2013.10.31

坂本、阿部無安打でも勝利。巨人に強大な「伏兵力」あり

  • 中島大輔●構成 text by Nakajima Daisuke
  • 益田佑一●写真 photo by Masuda Yuichi

飯田哲也が見た日本シリーズ第4戦

 日本シリーズの第4戦は巨人・ホールトン、楽天・ハウザーの両先発で始まり、巨人が6対5の逆転勝利を収めた。これで今シリーズの対戦成績は2勝2敗のタイに。両チームの先発がともに3回でマウンドを降りた一戦は、采配面で動きの多い展開となったが、勝敗のポイントはどこにあったのだろうか。90年代にヤクルトの不動のセンターとして4度の日本一に貢献し、今季までヤクルトの守備走塁コーチを務めた飯田哲也氏に解説してもらった。

日本シリーズ第4戦、決勝のタイムリーを放った寺内崇幸

 巨人にとって、昨日の第4戦は絶対に負けられない試合でした。しかも、初回にアンドリュー・ジョーンズの3ランで先制されるという苦しい展開。そんな巨人を救ったのが、長野久義の「後ろにつなぐ」という気持ちだったと思います。
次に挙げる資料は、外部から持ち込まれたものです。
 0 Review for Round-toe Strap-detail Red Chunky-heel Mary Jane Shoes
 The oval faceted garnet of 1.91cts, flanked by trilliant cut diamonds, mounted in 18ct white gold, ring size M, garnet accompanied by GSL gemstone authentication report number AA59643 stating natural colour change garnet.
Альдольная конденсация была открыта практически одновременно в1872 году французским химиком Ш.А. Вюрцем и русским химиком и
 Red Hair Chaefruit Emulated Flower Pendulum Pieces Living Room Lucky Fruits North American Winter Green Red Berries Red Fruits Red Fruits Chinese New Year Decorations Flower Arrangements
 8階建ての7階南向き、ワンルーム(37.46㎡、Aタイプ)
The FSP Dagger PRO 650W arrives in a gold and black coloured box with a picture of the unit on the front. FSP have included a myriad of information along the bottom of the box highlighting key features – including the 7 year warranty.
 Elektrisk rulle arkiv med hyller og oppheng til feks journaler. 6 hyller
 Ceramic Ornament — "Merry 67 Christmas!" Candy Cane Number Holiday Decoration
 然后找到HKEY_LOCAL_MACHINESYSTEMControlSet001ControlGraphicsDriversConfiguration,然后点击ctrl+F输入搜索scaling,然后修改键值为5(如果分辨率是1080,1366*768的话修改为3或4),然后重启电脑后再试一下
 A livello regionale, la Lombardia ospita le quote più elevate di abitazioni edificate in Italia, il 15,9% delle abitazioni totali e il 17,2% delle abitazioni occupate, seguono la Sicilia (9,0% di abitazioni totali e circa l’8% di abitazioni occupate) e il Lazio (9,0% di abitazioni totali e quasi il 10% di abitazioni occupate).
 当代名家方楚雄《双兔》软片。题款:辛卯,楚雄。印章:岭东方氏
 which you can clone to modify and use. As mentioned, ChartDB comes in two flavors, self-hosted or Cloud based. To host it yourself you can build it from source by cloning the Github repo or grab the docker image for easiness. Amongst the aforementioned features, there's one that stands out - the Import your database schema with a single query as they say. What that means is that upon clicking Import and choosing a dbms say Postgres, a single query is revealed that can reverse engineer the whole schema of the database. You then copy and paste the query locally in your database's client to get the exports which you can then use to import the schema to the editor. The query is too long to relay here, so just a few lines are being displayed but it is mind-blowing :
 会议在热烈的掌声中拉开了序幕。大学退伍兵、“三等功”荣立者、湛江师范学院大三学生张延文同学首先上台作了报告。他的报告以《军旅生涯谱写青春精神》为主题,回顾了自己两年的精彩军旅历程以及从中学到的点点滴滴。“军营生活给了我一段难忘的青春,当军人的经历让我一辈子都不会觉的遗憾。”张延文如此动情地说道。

 1対4で迎えた4回裏、ふたつの四球で無死一、二塁とした後、1番の長野が打席に入ります。「俺が決めてやる」となってもおかしくない場面で、右におっつけるバッティングをしました。巨人を勝利に導いたのは、長野のこのバッティングだと思います。もしこの回、巨人が無得点に終わっていれば、最後まで楽天のペースになっていたと思います。それだけに、長野のこの1本は大きかった。

 2戦目までの長野は8打数1安打でしたが、相手は則本昂大と田中将大。いいピッチャーはそう簡単には打てません。それを吹っ切って、3戦目は4打数2安打、4戦目は3安打3打点。見るからに、思い切りがよくなっていますね。